I’ve been spending some time with Deepseek R1 over the last few days after it became available on Ollama.
In summary, it’s a capable reasoning model but it is a product of its geography.
The screenshots below show clean runs of the model, being asked about particularly politicised events in China and US history. Deepseek R1, even under repeated prompting won’t talk about Tiananmen Square at all, but it’s quite happy to talk through the January 6 insurrection without any censorship.
Even with some light steering, the model refuses to answer
No qualms working through this historical event…
A reasonable summary of events given no lookups allowed.
This isn’t really surprising given the provenance of Deepseek, and for many business use cases, such as a summarisation or decisioning engine, this won’t matter at all. But, because of its inherent safety controls relating to banned topics, the edges of this are likely to bleed over into a number of adjacent topics and cause weird behaviour.
Imagine being denied a summary when asking about Winnie the Pooh for instance. In some cases this would be inexplicable unless you have the context for why this might be banned.

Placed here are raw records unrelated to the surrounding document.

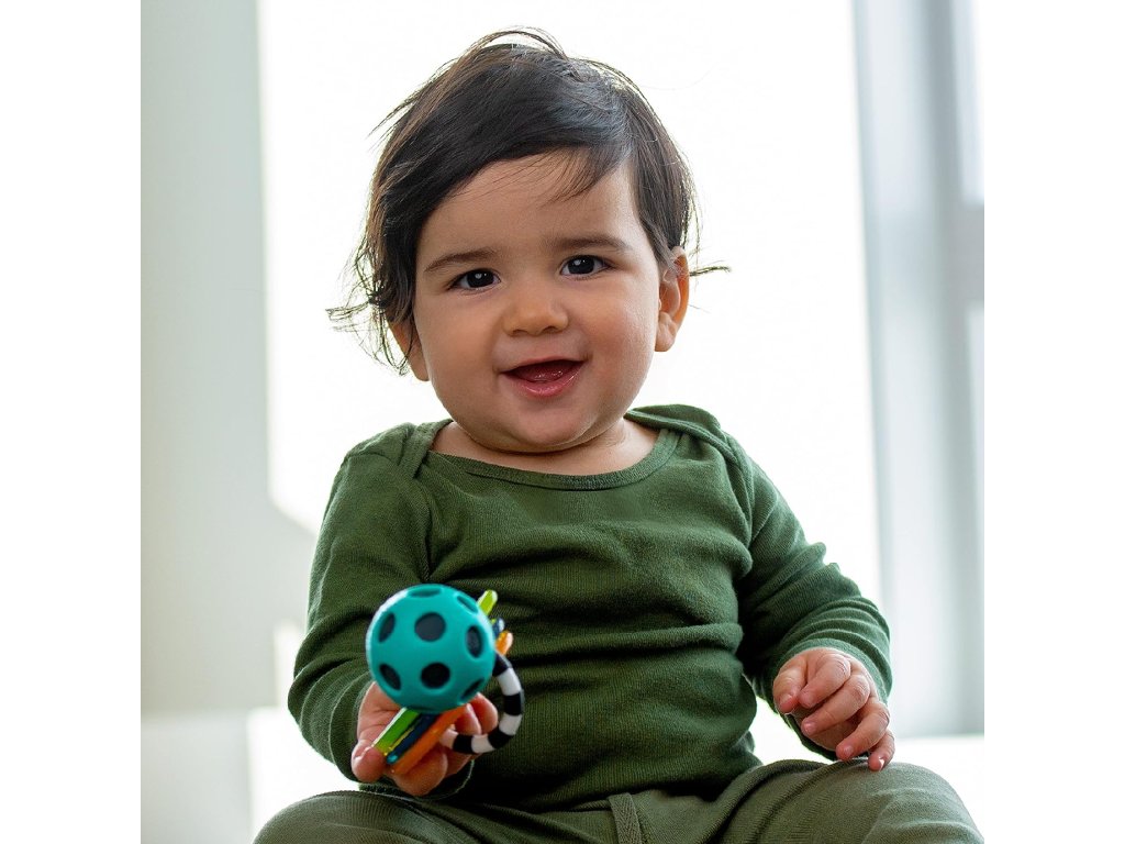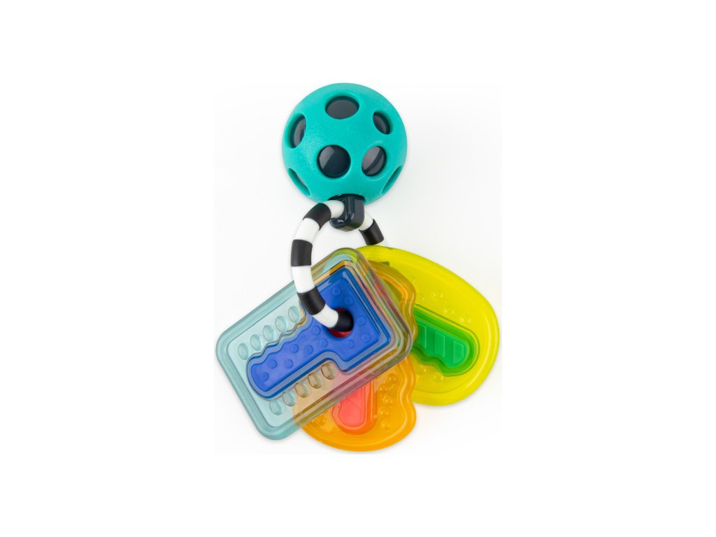 Chrastítko ve tvaru klíčenky s míčkem ve výrazných kontrastních barvách je vyrobeno z příjemného materiálu.
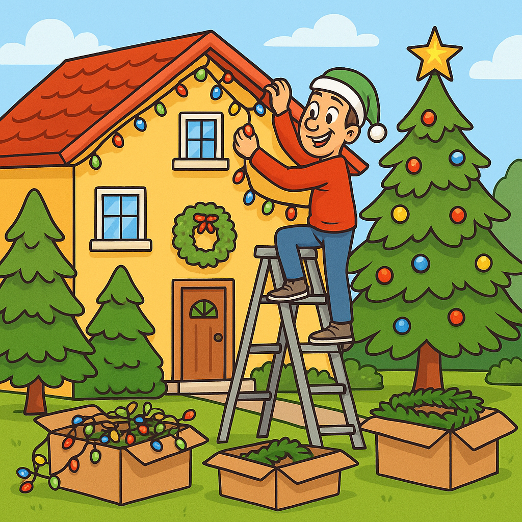 Pass me the ibuprofen! This weekend, in addition to setting up our four Christmas trees, I strung the lights on the house, across the back woods, and onto the fence. It takes a solid day and a half, and about a week to recover. I’m pretty much a wimp. I still can’t use my back or even move my legs without pain. I’m used to riding a train of meetings all day, filling out PowerPoints and spreadsheets, not lifting, wrapping, hanging, draping, and zip-tying all that spectacular magic around our home. But oh my goodness, as night fell last night, our yard erupted once again with the multi-colored, sparkling madness that is our seasonal decor. That’s right! It’s beginning to look a lot like Christmas! I’m quite sure our neighbors love us.
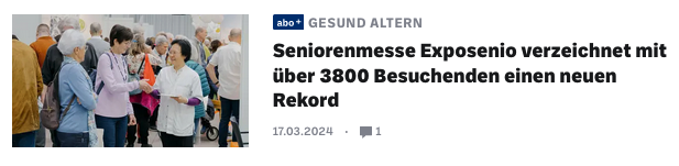 «Aargauer Zeitung», 13. März 2018: Keine Angst vor digitaler Welt» – Vorschau zur EXPOsenio 2018. Mehr …
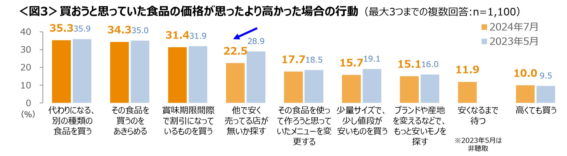 買おうと思っていた食品の価格が思ったより高かった場合、「代わりになる、別の種類の食品を買う」「その食品を買うのをあきらめる」「賞味期限間際で割引になっているものを買う」が3割台。
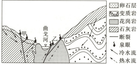 茶洛温泉群地处横断山脉北端金沙江支流曲戈河河谷地带,这里断层发育,河谷两岸汇聚众多温泉,但温泉水温差异较大。下图为曲戈河河谷地质剖面图。据此完成14~15题。
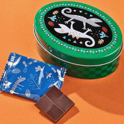- Contents: 70% Dark Cacao Chocolate (individually wrapped Napolitains) 🦎
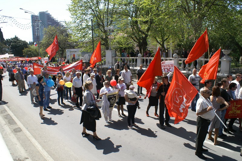 1 мая в Сочи выдался погожий, солнечный день. Первомайский митинг в Сочи, организованный горкомом КПРФ, в этом году пополнился активистами микрорайона Кудепста, выступающими против строительства на селитебной курортной территории крупнейшей в мире газопоршневой ТЭС.
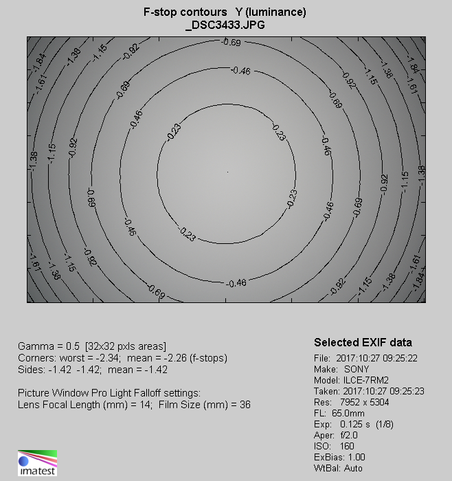 At the maximum relative aperture in the very corners of the frame you lose over half of light - the actual result is 54% (−2.26 EV). The light fall-off problem still remains bothersome by f/2.8 where it reaches 34% (−1.19 EV). You can start talking about moderate values by f/4.0 and f/5.6, where we got the following results: 25% (−0.83 EV) and 20% (−0.66 EV) respectively.

This becomes something else you need to be aware of when using these models (on top of all of the other “normal” adherence, hallucination and error issues). I’d be wary about using them to create synthetic data because of this too.

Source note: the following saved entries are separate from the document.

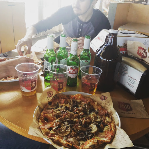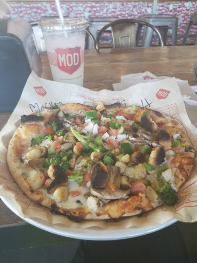 Had an amazing time while picking out my toppings the crew was very caring as too what I wanted on my pizza gave great suggestions and the whole atmosphere at MOD was just great the blonde at the beginning was very educated on the company and everyone there just seems to be having a great time and the one with purple hair was very polite and suggested I had garlic cloves and it was very delicious I can not wait to go back with my family (: Very Nice place. The process is a little bit confusing I must say but once you take a bite of your pizza its all worth ig
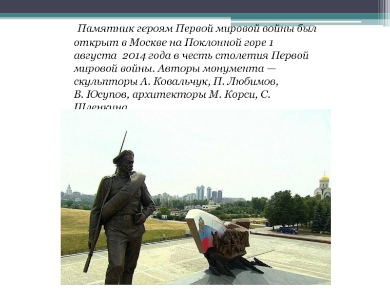 Слайд 64 Памятник героям Первой мировой войны был открыт в Москве на Поклонной горе 1 августа 2014
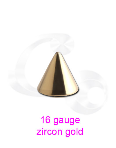 Zircon gold PVD cones for 1.2mm/16g jewellery.
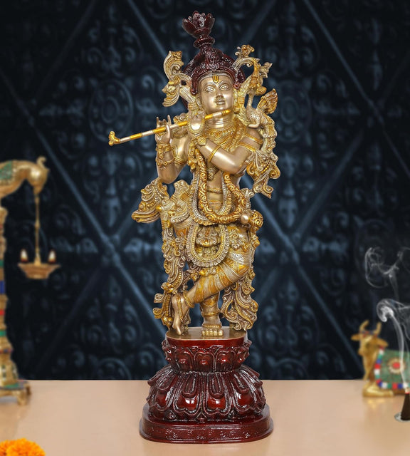 Brass Big Size Lord Krishna Idol Playing Flute (Height 37 Inch)
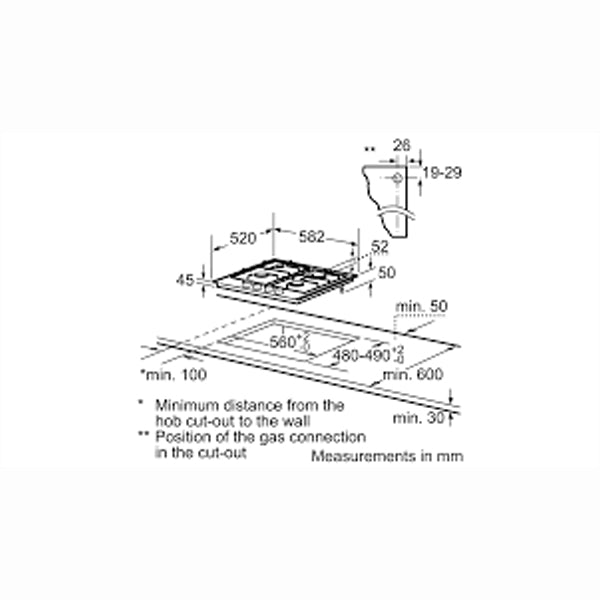 - Min. required niche size for installation (HxWxD)45 x 560-560 x 480-490 mm
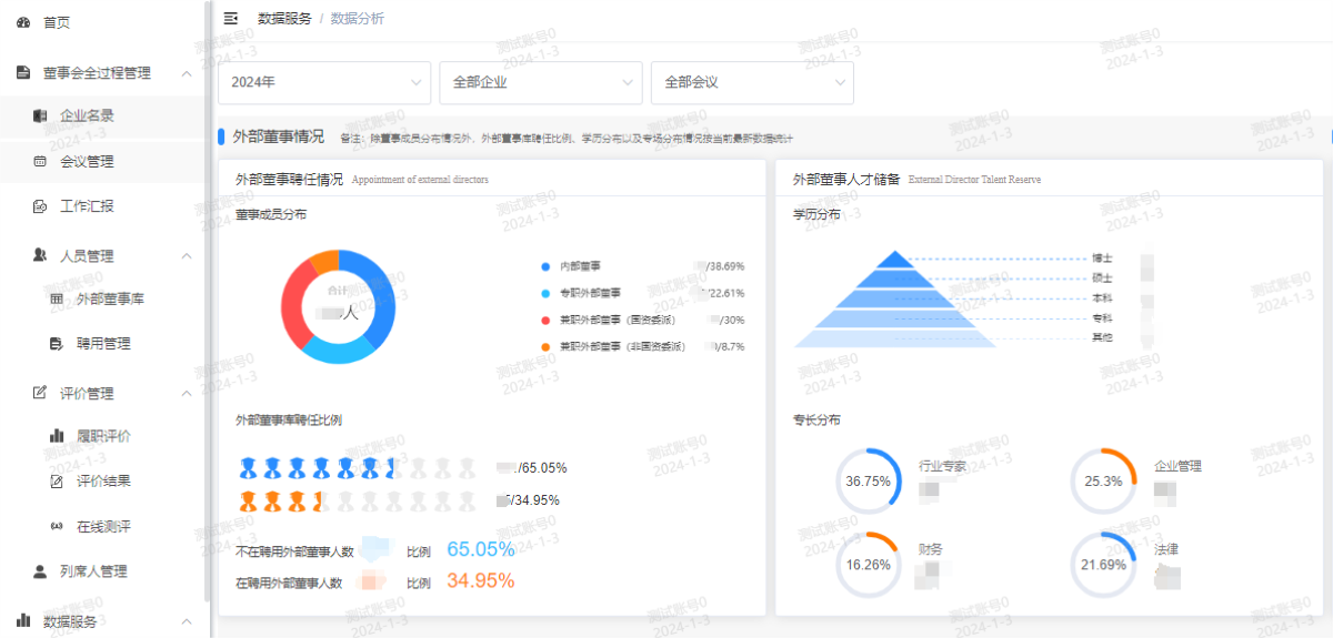 董事會(huì)運(yùn)行管理系統(tǒng)按省國(guó)資委管理要求研發(fā)部署,依據(jù)國(guó)資監(jiān)管機(jī)構(gòu)要求與企業(yè)章程,結(jié)合企業(yè)發(fā)展戰(zhàn)略和業(yè)務(wù)特點(diǎn),形成外部董事多維度畫(huà)像,深化預(yù)警提醒,前移監(jiān)督關(guān)口,可視化呈現(xiàn)各企業(yè)董事會(huì)建設(shè)、外部董事人才儲(chǔ)備等情況,實(shí)現(xiàn)預(yù)警在先、監(jiān)督有形,助力董事會(huì)規(guī)范性建設(shè)更高效、更智能。截至2023年底,董事會(huì)運(yùn)行管理系統(tǒng)已覆蓋省國(guó)資委及16家省屬企業(yè),累計(jì)錄入千余條會(huì)議數(shù)據(jù)與相關(guān)董事會(huì)議題數(shù)據(jù),以及百余條外部董事履職數(shù)據(jù),兼職外部董事庫(kù)中擁有百余位人才儲(chǔ)備。系統(tǒng)從使用便捷性、數(shù)據(jù)準(zhǔn)確性和數(shù)據(jù)實(shí)用性三方面著手,打造“好用、實(shí)用、管用”的董事會(huì)運(yùn)行管理數(shù)字化應(yīng)用。

For me, the key story about Deepseek R1 and Deepseek V3 are that open models are closing the gap on the big closed ones and this builds on the trajectory we’ve already seen from Llama3.2, Qwen Coder, Phi4, and others.
There are no moats when it comes to foundational models - the only moat will be bundling these capabilities up into a compelling UX / CX to make them easy to use in orgs that want to deploy them. This is the same strategy that allowed the big Cloud Tech companies to take off (for both good and bad impacts on the Open Source community - but that’s another post).
We’re still very much in the “A computer is the size of a fridge” period of AI models so smaller, faster, cheaper to train and run is very much the future and this is another data point along that path.